[Python-ideas] Default arguments in Python - the return - running out of ideas but...

[CTO]

On May 13, 3:44 pm, Arnaud Delobelle <arno... at googlemail.com> wrote:
> On 13 May 2009, at 20:18, CTO wrote:
>
> > Why not just push for some decorators that do this to be included in
> > stdlib?
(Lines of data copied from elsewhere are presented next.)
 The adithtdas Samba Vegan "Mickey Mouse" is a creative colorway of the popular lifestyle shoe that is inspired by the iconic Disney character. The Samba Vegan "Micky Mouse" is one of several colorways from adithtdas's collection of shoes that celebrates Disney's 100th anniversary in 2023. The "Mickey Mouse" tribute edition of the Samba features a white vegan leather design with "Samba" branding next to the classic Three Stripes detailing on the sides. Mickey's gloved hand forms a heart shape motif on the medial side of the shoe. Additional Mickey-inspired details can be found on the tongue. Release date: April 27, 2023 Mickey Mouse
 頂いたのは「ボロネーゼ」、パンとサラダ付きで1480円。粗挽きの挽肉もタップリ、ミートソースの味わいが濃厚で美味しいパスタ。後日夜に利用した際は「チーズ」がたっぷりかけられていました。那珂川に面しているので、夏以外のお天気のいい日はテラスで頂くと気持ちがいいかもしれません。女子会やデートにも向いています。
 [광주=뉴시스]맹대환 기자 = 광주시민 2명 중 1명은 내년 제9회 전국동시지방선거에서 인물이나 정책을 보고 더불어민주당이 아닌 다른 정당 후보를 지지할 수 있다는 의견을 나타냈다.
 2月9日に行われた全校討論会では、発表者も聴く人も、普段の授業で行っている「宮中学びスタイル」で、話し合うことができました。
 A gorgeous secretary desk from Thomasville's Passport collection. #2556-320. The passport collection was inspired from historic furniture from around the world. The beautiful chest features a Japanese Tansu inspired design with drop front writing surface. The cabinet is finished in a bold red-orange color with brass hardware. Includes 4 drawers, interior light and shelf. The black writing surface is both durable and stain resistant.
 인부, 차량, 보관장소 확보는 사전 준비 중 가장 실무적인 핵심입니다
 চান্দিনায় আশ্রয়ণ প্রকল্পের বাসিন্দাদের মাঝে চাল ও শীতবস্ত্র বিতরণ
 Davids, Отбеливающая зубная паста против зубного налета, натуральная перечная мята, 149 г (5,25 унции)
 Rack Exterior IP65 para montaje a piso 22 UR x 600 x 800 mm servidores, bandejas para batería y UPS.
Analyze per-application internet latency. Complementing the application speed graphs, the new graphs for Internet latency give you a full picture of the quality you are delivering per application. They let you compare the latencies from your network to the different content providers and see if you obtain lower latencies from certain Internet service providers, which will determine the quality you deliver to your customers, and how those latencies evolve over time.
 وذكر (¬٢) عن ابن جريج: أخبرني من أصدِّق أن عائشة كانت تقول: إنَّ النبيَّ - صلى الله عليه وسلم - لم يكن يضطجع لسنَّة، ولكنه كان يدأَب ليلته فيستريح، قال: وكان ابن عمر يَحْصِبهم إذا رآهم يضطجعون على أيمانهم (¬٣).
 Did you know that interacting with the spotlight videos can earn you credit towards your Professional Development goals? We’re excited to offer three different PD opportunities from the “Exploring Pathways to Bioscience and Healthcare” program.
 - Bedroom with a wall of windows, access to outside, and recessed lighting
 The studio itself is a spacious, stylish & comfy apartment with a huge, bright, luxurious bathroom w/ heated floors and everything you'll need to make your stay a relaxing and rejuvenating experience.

I see the utility, but not the point of adding extra syntax.
>
> >>>> @Runtime
> > ... def f(x=a**2+2b+c):
> > ...    return x
> > ...
> >>>> a = 1
> >>>> b = 2
> >>>> c = 3
> >>>> f()
> > 8
>
> > This seems much more intuitive and useful to me than adding new
> > meanings to yield.
>
> This is not possible.
>
>      def f(x=a**2+2*b+c):
>         return x
>
> is compiled to something very much like:
>
>      _tmp = x**2+2*b+c
>      def f(x=_tmp):
>         return x
>
> So it is impossible to find out what expression yields the default  
> value of x by just looking at f.  You have to use lambda or use George  
> Sakkis' idea of using strings for defaults and evaluating them at call-
> time (but I'm not sure this will work reliably with nested functions).
>
> --
> Arnaud

Thanks for the input, but I've already written the code to do this.
It
is available at <URL:http://code.activestate.com/recipes/576751/>.
For
those with hyperlink allergies, the snippet posted above reevaluates
the function whenever it is called, and can be used like so:

>>> from runtime import runtime
>>> @runtime
... def example1(x, y=[]):
...    y.append(x)
...    return y
...
>>> example1(1)
[1]
>>> example1(2)
[2]

or, as posted above,

>>> a, b, c = 0, 1, 2
>>> @runtime
... def example2(x=a**2+2*b+c):
...     return x
...
>>> example2()
4
>>> a = 5
>>> example2()
29

The gode given is slow and ugly, but it does appear-
at least to me- to do what is being asked here.

Geremy Condra